Realitenin tüm parçaları birbirine bağlı olmakla kalmazlar, onlar doğru bir şekilde bağlıdırlar. Dünyamızdaki mineral, bitkiler ve hayvanlar, içlerinde yazılımı olan doğa kanunlarına göre çalışır ve seçme özgürlüğüne sahip değildir. Kurtlar başka hayvanları yedikleri için kötü değildirler ve geyikler başka hayvanlarla değil bitkilerle beslendikleri için iyi değildirler. Aslında, etoburlar olmasaydı, otoburlar sağlıksız hale gelir, aşırı nüfus yapar, üzerinde yaşadıkları bitkileri tüketir ve sonunda, doğa, onların nüfusunu dengelemek için başka bir yol bulacağından acı çeker ve ölürlerdi. Doğaya baktığınızda, her unsurun tüm sistemin bütünlüğünü garanti ettiğini, mükemmel bir dengeyi koruduğunu fark edersiniz.

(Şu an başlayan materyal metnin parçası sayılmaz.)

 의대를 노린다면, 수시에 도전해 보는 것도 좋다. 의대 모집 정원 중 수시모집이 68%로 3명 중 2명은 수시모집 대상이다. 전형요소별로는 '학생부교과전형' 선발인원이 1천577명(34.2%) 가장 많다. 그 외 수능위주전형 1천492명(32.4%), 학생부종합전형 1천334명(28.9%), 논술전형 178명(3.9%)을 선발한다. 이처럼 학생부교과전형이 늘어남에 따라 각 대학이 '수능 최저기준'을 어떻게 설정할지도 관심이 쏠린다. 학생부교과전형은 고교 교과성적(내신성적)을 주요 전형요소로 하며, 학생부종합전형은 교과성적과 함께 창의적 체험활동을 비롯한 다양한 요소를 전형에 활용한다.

Doğanın tamamında tek bir istisna vardır: İnsan. İnsanlar, doğada herhangi bir şeye karşı ilgisizmiş gibi davranabilen ve bir süreliğine ondan sıyrılan tek unsurdur. Şimdiye kadar doğaya karşı savaştık, güçlendik ve son iki yüzyıldır neredeyse onu yeneceğimizi düşündük. Daha da kötüsü, birbirimize karşı savaştık ve birbirimize duyduğumuz nefret, rakiplerimizi geride bırakmak için doğanın hazinelerini madencilik, sondaj ve kesme yarışımızda, doğayı daha da mahvetmemize neden oldu.

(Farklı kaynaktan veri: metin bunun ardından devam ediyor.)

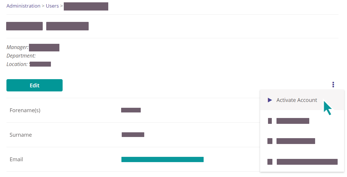 - Or, click on a User from this list to view their details. From within the User details page, select the three-dot menu icon and select Activate Account.

COVID-19 bizi aniden durdurdu, ekonomiyi engelledi. Nefretimiz ve sömürümüz, başkalarını yönetme ve aşağılama arzumuz doğaya o kadar zarar verdi ki,  doğa doğal bir çözüm oluşturdu: Yeni Koronavirüs. Tüm kollarıyla ülkelerin birbirlerine karşı yürüttüğü veya yürütmeyi planladığı silahlanma yarışını ve düşmanlıkların çoğunu durdurdu ve hatta bizi diğer insanlardan uzaklaştırdı, böylelikle düşman işyerlerinin veya rekabetçi eğitimin gerilimlerine tahammül etmek zorunda kalmayacağız.

Ancak sistemi görmediğimiz için, virüsün ortaya çıkmasına neden olanın bizim nefretimiz olmadığını düşünüyoruz; ortaya çıkmasına neden olanın – nefret ettiğimiz – bir şey veya başka biri olduğunu düşünüyoruz. Yanılıyoruz. Bunu yaratan, birbirimize karşı kendi tutumlarımız ve rotayı tersine çevirmezsek, yakında diğer zararlı unsurlar ortaya çıkacak.

Dünyanın güneş etrafında döndüğü iddiasını geri almak zorunda kaldığı zaman, Galileo Galilei “E pur si muove” (“Her şeye rağmen dünya dönüyor”) demiştir. Bugün onun haklı olduğunu biliyoruz. Ama birbirimize olan nefretimizi ilgilendiren gerçekler söz konusu olduğunda, Galilei’nin işkencecileri kadar cahil ve inatçıyız. Bu utanç vericidir çünkü dünyanın güneş etrafındaki yörüngesi önemlidir, ancak nefretin hastalıkları yarattığı gerçeği kadar önemli değildir. Eski gerçeğin cehaleti utanç verici; sonraki gerçeğin cehaleti ise hayatlarımıza mal olabilir.